YOUR INSTRUCTIONS: The text of every record, exactly as given and with no pictures, should be your output.

::: GIVEN RECORDS :::

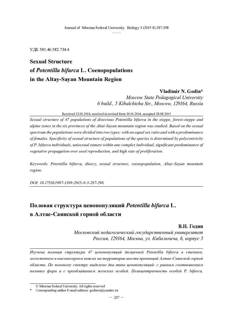 Библиографическое описание: Годин, В. Н. Половая структура ценопопуляций Potentilla bifurca L. в Алтае-Саянской горной области = Sexual Structure of Potentilla bifurca L. Coenopopulations in the Altay-Sayan Mountain Region / В. Н. Годин. - Текст : непосредственный // Журнал Сибирского федерального университета. Биология. - 2015. - Т. 8, № 3. - С. 287-298 : табл., ил. - Библиогр.: с. 297-298 (27 назв.). - ISSN 1997-1389.
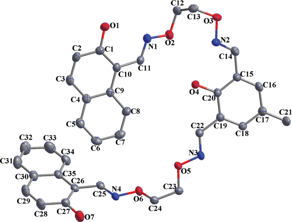 - Synthesis and crystal structure of (1E,3E)-2-hydroxy-5-methylisophthalaldehyde O,O-di(2-((((E)-(2-hydroxynaphthalen-1-yl)methylene)amino)oxy)ethyl) dioxime, C35H32N4O7
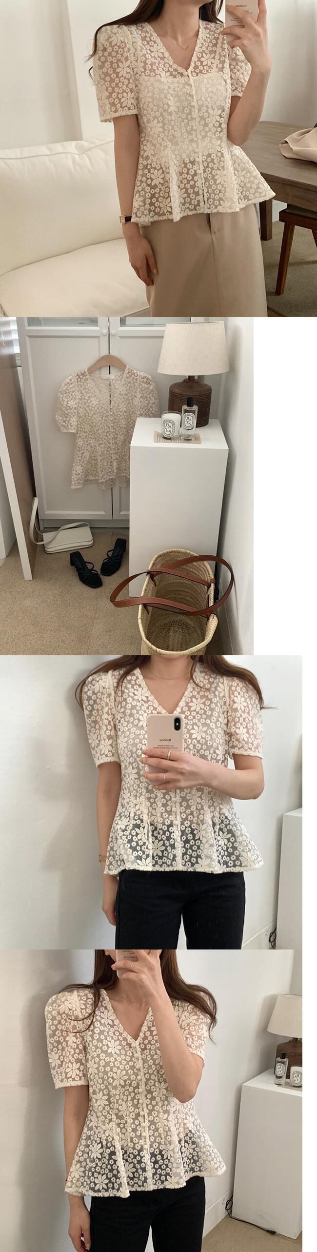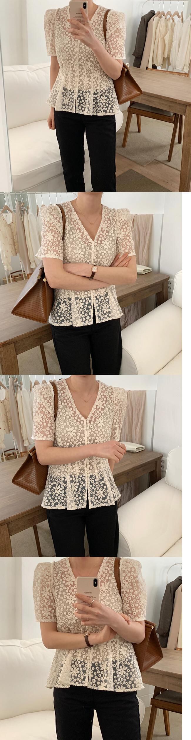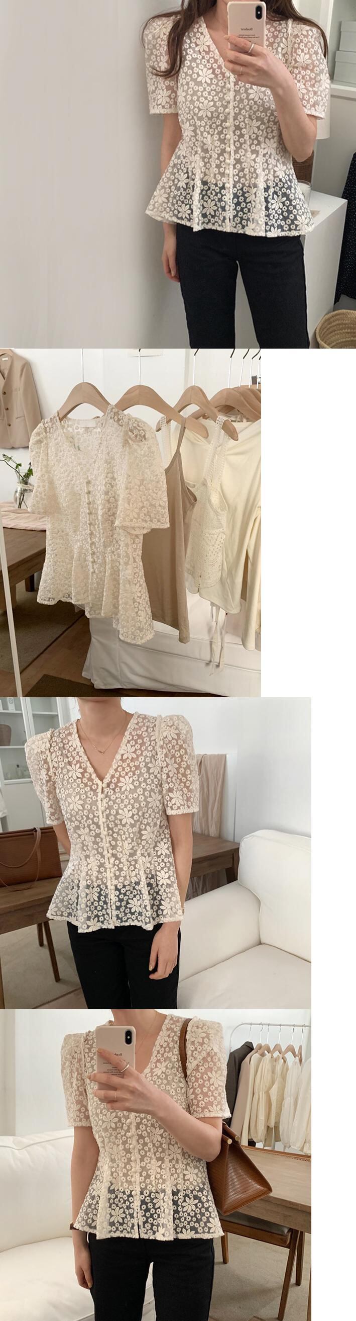 シックなレトロなウエスタンスタイルのディープVネックシングルブレストウエストシンニングパフスリーブ重工業の視点刺繡シャツ女性 韓国婦人97630142216
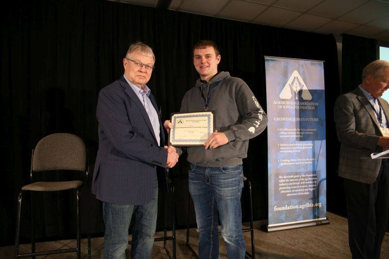 Each February, the Agribusiness Association of Iowa (AAI) Foundation hosts over 250 Iowa community college agriculture/agribusiness students at the Iowa State Fairgrounds. On February 12, 2020, Ellsworth’s Brant Friest, a second-year Farm Management major from Hubbard, was awarded a scholarship sponsored by Bayer Crop Science.
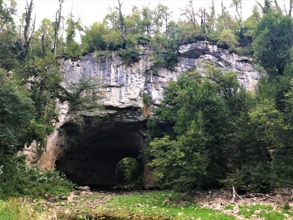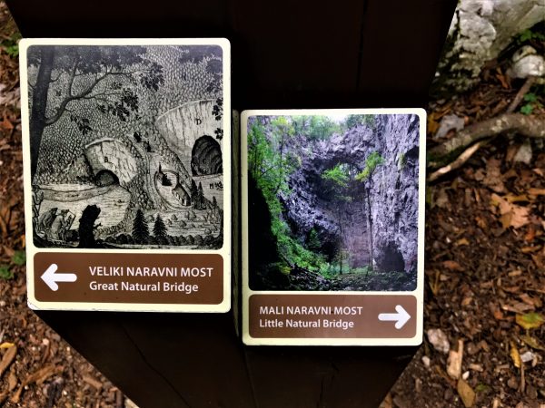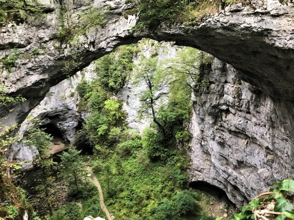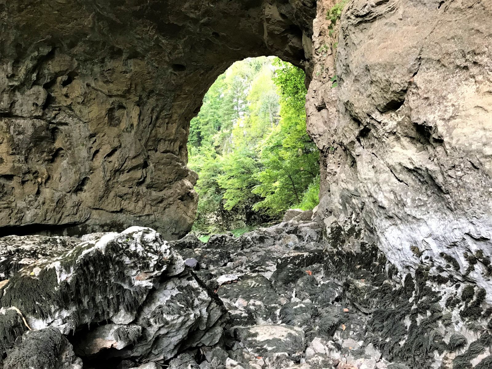 Blick durch die große Natürbrücke (Veliki naravni most), die vom Dach des Rak übrig geblieben ist. In den regenreichen Monaten strudelt der Fluss unter der Brücke entlang. Im Sommer kommt man trockenen Fußes hindurch.
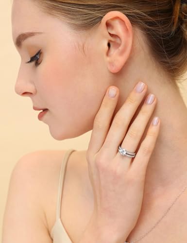 EAMTI 1.25CT 925 Sterling Silver Bridal Ring Sets Round CZ Engagement Rings Promise Rings for Her Wedding Bands for Women Size 3-11
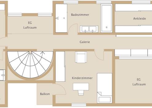 Im Obergeschoss ergänzen eine Galerie, eine großzügige Master-Suite sowie drei weitere flexibel nutzbare Räume das vielfältige Raumangebot.
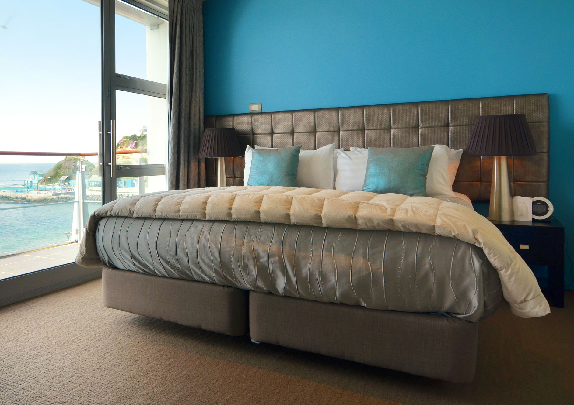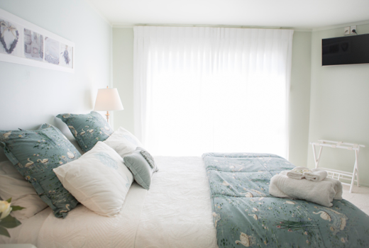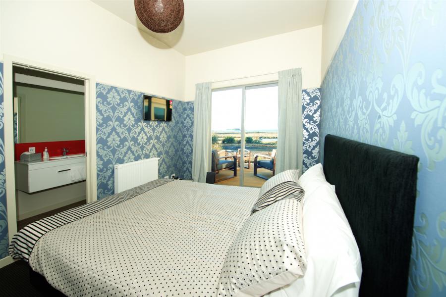 Jedes Zimmer verfügt über ein luxuriöses kalifornisches Kingsize-Bett, Kochnische mit Mikrowelle, Kühlschrank, Toaster und Wasserkocher. Das geräumige Badezimmer hat eine große begehbare Dusche. Dank der Klimaanlage kann das ganze Jahr über eine perfekte Warmwasser-Temperatur aufrechterhalten werden. Es gibt eine große halbüberdachte Terrasse und einen eigenen Parkplatz, der direkt nebenan liegt.
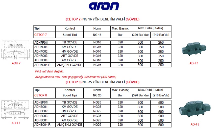 Hidrolik ürünler / Hidrolik Yön Valfleri / Aron Yön Kontrol Valfleri /
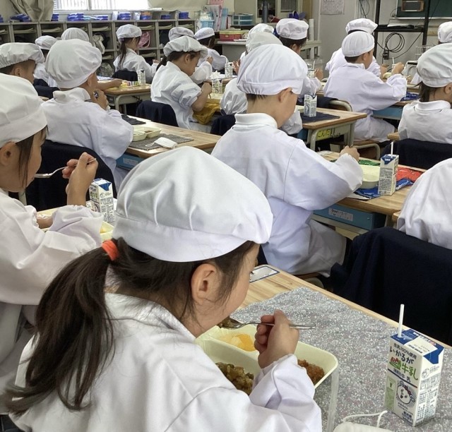 カツレツは、語呂合わせで「勝つ」に通じることから、祝い事の食事によく使われます。カレーは子どもたちの超人気メニュー。みんな楽しそうにスプーンを動かしていました=下写真は1年生。
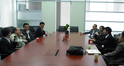 在上海太阳能电池研究与发展中心,中心的蒋君祥研究员、马建华副研究员和杨立红副总工程师接待来访一行。蒋君祥介绍了中心的情况,并带领大家参观了中心的多条试验线,介绍了光伏器件原材料制备、太阳能电池及组件的制作、检测等。双方针对光伏领域的现状、存在的瓶颈和未来发展方向展开讨论。
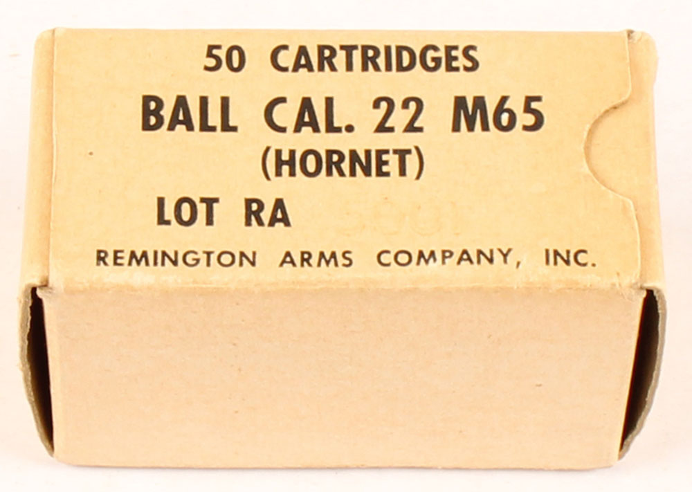 Remington, .22 Hornet, M65, Lot RA 5001, Full, ''RA 59'' H/S, 1pc. Buff box with black printing, box is solid with light age soiling & minor edge/corner wear, inside left flap stamped ''R26P'', ammo is excellent. Grade: Excellent + - Value: 30 to 50

:::

YOUR RESPONSE:
 Библиографическое описание: Годин, В. Н. Половая структура ценопопуляций Potentilla bifurca L. в Алтае-Саянской горной области = Sexual Structure of Potentilla bifurca L. Coenopopulations in the Altay-Sayan Mountain Region / В. Н. Годин. - Текст : непосредственный // Журнал Сибирского федерального университета. Биология. - 2015. - Т. 8, № 3. - С. 287-298 : табл., ил. - Библиогр.: с. 297-298 (27 назв.). - ISSN 1997-1389.
 - Synthesis and crystal structure of (1E,3E)-2-hydroxy-5-methylisophthalaldehyde O,O-di(2-((((E)-(2-hydroxynaphthalen-1-yl)methylene)amino)oxy)ethyl) dioxime, C35H32N4O7
 シックなレトロなウエスタンスタイルのディープVネックシングルブレストウエストシンニングパフスリーブ重工業の視点刺繡シャツ女性 韓国婦人97630142216
 Each February, the Agribusiness Association of Iowa (AAI) Foundation hosts over 250 Iowa community college agriculture/agribusiness students at the Iowa State Fairgrounds. On February 12, 2020, Ellsworth’s Brant Friest, a second-year Farm Management major from Hubbard, was awarded a scholarship sponsored by Bayer Crop Science.
 Blick durch die große Natürbrücke (Veliki naravni most), die vom Dach des Rak übrig geblieben ist. In den regenreichen Monaten strudelt der Fluss unter der Brücke entlang. Im Sommer kommt man trockenen Fußes hindurch.
 EAMTI 1.25CT 925 Sterling Silver Bridal Ring Sets Round CZ Engagement Rings Promise Rings for Her Wedding Bands for Women Size 3-11
 Im Obergeschoss ergänzen eine Galerie, eine großzügige Master-Suite sowie drei weitere flexibel nutzbare Räume das vielfältige Raumangebot.
 Jedes Zimmer verfügt über ein luxuriöses kalifornisches Kingsize-Bett, Kochnische mit Mikrowelle, Kühlschrank, Toaster und Wasserkocher. Das geräumige Badezimmer hat eine große begehbare Dusche. Dank der Klimaanlage kann das ganze Jahr über eine perfekte Warmwasser-Temperatur aufrechterhalten werden. Es gibt eine große halbüberdachte Terrasse und einen eigenen Parkplatz, der direkt nebenan liegt.
 Hidrolik ürünler / Hidrolik Yön Valfleri / Aron Yön Kontrol Valfleri /
 カツレツは、語呂合わせで「勝つ」に通じることから、祝い事の食事によく使われます。カレーは子どもたちの超人気メニュー。みんな楽しそうにスプーンを動かしていました=下写真は1年生。
 在上海太阳能电池研究与发展中心,中心的蒋君祥研究员、马建华副研究员和杨立红副总工程师接待来访一行。蒋君祥介绍了中心的情况,并带领大家参观了中心的多条试验线,介绍了光伏器件原材料制备、太阳能电池及组件的制作、检测等。双方针对光伏领域的现状、存在的瓶颈和未来发展方向展开讨论。
 Remington, .22 Hornet, M65, Lot RA 5001, Full, ''RA 59'' H/S, 1pc. Buff box with black printing, box is solid with light age soiling & minor edge/corner wear, inside left flap stamped ''R26P'', ammo is excellent. Grade: Excellent + - Value: 30 to 50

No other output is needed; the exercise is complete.